Берлин, Александрплац — страница 73 из 99

Вдоль шоссе мелькают черные дубы, Карлуша, Карлуша, ведь ты мне всех милей, 128 дней из года подарю я тебе, и каждый из них с утром, с полднем и с вечером[638].


А на кладбище пришли два синих шупо, пи-по-па. Сели на могильную плиту и стали расспрашивать всех, кто проходил мимо, не видел ли кто некоего Казимира Бродовича[639]. Этот Бродович, говорят, совершил 30 лет тому назад какое-то преступление, в точности не известно какое, но наверняка еще что-нибудь случится, потому что с этими господами никогда нельзя знать, ну а теперь, значит, надо снять отпечатки с его пальцев и смерить рост, а лучше всего сперва арестовать его, немедленно доставить его к нам, трари, трара.

Рейнхольд то и дело подтягивает брюки, ходит, волоча ноги, по своей конуре, нет, не впрок ему покой и много денег. Свою последнюю невесту он послал к чертям, а та, шикарная, ему тоже уж надоела.
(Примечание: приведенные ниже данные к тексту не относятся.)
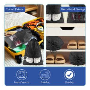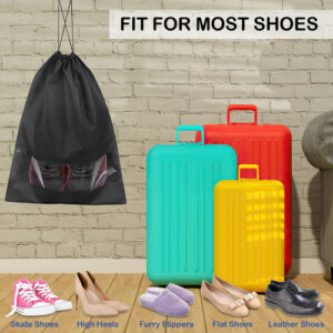 Pacote com 18 bolsas de sapatos para viagens, sacolas grandes COIDEA para embalar com janela transparente, bolsas de armazenamento de sapatos de viagem com cordão à prova de poeira, itens essenciais de viagem para homens e mulheres, pretas — bolsa de sapatos de tamanho grande: você receberá 18 bolsas pretas para viajar, para atender a diferentes necessidades; o tamanho da mala de viagem para sapatos é de 12,6 “x 17,3" polegadas, que pode ser adequada para sapatos abaixo do tamanho 13. Serve para tênis, sapatos de dança e tênis de boliche — Material premium: as bolsas de viagem são feitas de tecido não tecido, respiráveis e leves. As bolsas de viagem para embalagem são equipadas com um design de cordão, que pode ser facilmente amarrado e desamarrado; mantenha os sapatos limpos e organizados — Design de janela transparente: as bolsas para viagens com uma janela transparente ajudam você a localizar rapidamente seus sapatos ou itens dentro da bolsa sem abrir as sacolas; Para economizar tempo e proteger sua privacidade – BOLSAS DE SAPATOS MULTIFUNCIONAIS: as bolsas pretas para sapatos de viagem não só podem ser usadas como bolsas de sapatos para correr, dançar, se exercitar e viajar, mas também podem ser usadas como bolsas para acessórios para sapatos, bolsas esportivas, organizadores de viagens, bolsas de ginástica e outros usos; Sua assistente de vida – INDISPENSÁVEL PARA USO DIÁRIO E VIAGENS: Nossas bolsas para sapatos para viagens são ótimas para viagens e organização doméstica; as bolsas de viagem ajudam você a arrumar sua bagagem de forma rápida e fácil e protegem as roupas de ficarem sujas; mantêm sua bagagem arrumada e limpa

Надо придумать что-нибудь новенькое. Надо бы затеять что-нибудь с Францем. Теперь этот осел опять расхаживает с сияющей мордой и хвастает своей невестой, как будто у него есть чем хвастать. А не отбить ли ее у него? Нет, уж больно противна она была в тот раз со своими слюнями.

Жестянщик, Маттер по фамилии, известный полиции под именем Оскар Фишер, делает крайне удивленное лицо, когда Рейнхольд спрашивает его о Соне. Тот так-таки напрямик справляется у него о Соне, и Маттер без дальнейших отговорок признается ему, коли знаешь, так чего уж там, во всем. Тогда Рейнхольд берет Маттера одной рукой за талию и спрашивает, не согласился ли бы тот уступить ее для небольшой экскурсии. При этом выясняется, что Соня принадлежит Францу, а вовсе не Маттеру. Ну, в таком случае Маттер мог бы уговорить девицу прокатиться с ним, с Рейнхольдом, на автомобиле, в Фрейенвальде[640].

«Это ты спроси у Франца, а не у меня». – «С Францем я не могу об этом говорить, с ним у меня старые счеты, а ей я, по-видимому, не нравлюсь. Я уж заметил». – «Ну нет, на это я не согласен. Может, я сам ее хочу?» – «Пожалуйста, сколько угодно. А мне бы ее только на одну поездку». – «Что касается меня, Рейнхольд, ты можешь иметь хоть всех женщин на свете, в том числе и эту, но откуда ее взять, чтоб не украсть?» – «Да ведь с тобой же она гуляет. Послушай, Карл, а если ты получишь от меня коричневую тряпку?»[641] – «Гони монету».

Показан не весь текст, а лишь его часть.